Given the sound source relocation signal transmitted from the mixing process section 50, the arrangement relocation section 24 causes the sound source setting section 20-2 to relocate accordingly and arranges the sound source setting section 20-2 in a manner reflecting the mixed sound output from the mixing process section 50.

Carrying out the above processing permits visual discrimination of the sound source arrangement in which the mixed sound output from the mixing process section 50 is generated.

For image display, a user experience may be implemented in which the sounds in space are visually displayed in a virtual space. FIG. 16 depicts a typical case where in-space sounds are visually displayed in a virtual space. In the virtual space, the sound sources are represented in the guise of performers for example, with the radiation angles of the sounds visually expressed. In this case, it is difficult to present the exact radiation angle of a given sound, so that the display is given by taking advantage of the directional dependency of that sound volume. For example, in the case where the sound volume is low, the radiation angle is narrowed; where the sound volume is higher, the radiation angle is made larger. In FIG. 16, for example, triangles and lightning forms are used to express the directions in which the sounds are output. The size or the length of the shape represents the sound volume. A sound source with high directional dependency is represented by an acute-angle shape, and a sound source with low directional dependency is pictured with a wide-angle shape. Different musical instruments are represented by different colors. Different frequency bands of the sounds are represented by differences in color density or in color saturation. FIG. 16 pictures the differences in color and in density using hatched lines with different thicknesses and inclinations. Whereas FIG. 16 gives a two-dimensional image, a three-dimensional image may alternatively be presented in a virtual space.

When the sounds in space is visually displayed in a virtual space as described above, it is possible visually to verify, in the virtual space, the mixed sound generated on the basis of the real-space arrangement of the sound source setting sections 20 and of the listening setting section 30 and in accordance with the parameters set therefor without having to actually output the mixed sound.
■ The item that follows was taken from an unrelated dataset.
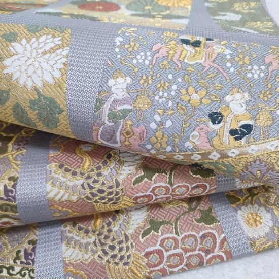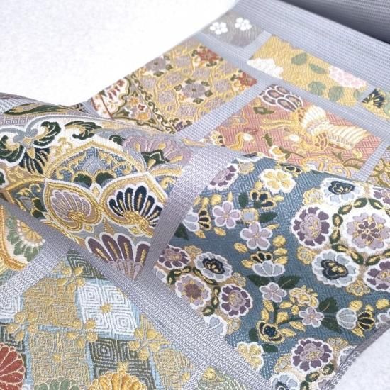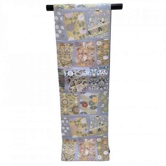 規則的な枠の中に美しい文様を置いています。ですので全体のイメージが崩れないきちんと感がご披露頂けます。柄の多い帯を敬遠なさる方にもお気に召して頂けるのではないでしょうか。唐織は主にフォーマル帯としてコーディネートされることが多く、帯の中でも特別な存在として1本はお勧めしたいアイテムです。
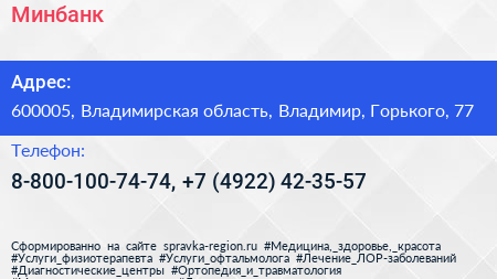 Минбанк по адресу 600005, Владимирская область, Владимир, Горького, 77 в дальнейшем Организация, размещена в следующих категориях:

Also for image display, the reflected sounds of the sounds output from the sound sources may be visually displayed in a virtual space. FIG. 17 depicts typical cases where reflected sounds are visually displayed in virtual spaces. The intensity of a reflected sound can be recognized typically using the brightness and texture of the walls or a background image. For example, the intensity of an indirect sound is visually expressed by the background display of an image indicative of the performance inside a virtual-space building or concert venue. Since the intensity of the indirect sound is presented in the virtual space, it is not necessary to provide the exact expression; it is sufficient to give an illustrative image permitting recognition of the intensity of the indirect sound. Subfigure (a) in FIG. 17 depicts an example of sound mixing that uses a long-reverb effect with a lot of reverberation components. In this case, an image is composed to indicate as if the performance were being given in a high-ceiling hall, for example. Subfigure (b) in FIG. 17 illustrates an example of sound mixing that uses a short-reverb effect with few reverberation components. In this case, an image is composed to indicate as if the performance were being given at a small concert venue, for example.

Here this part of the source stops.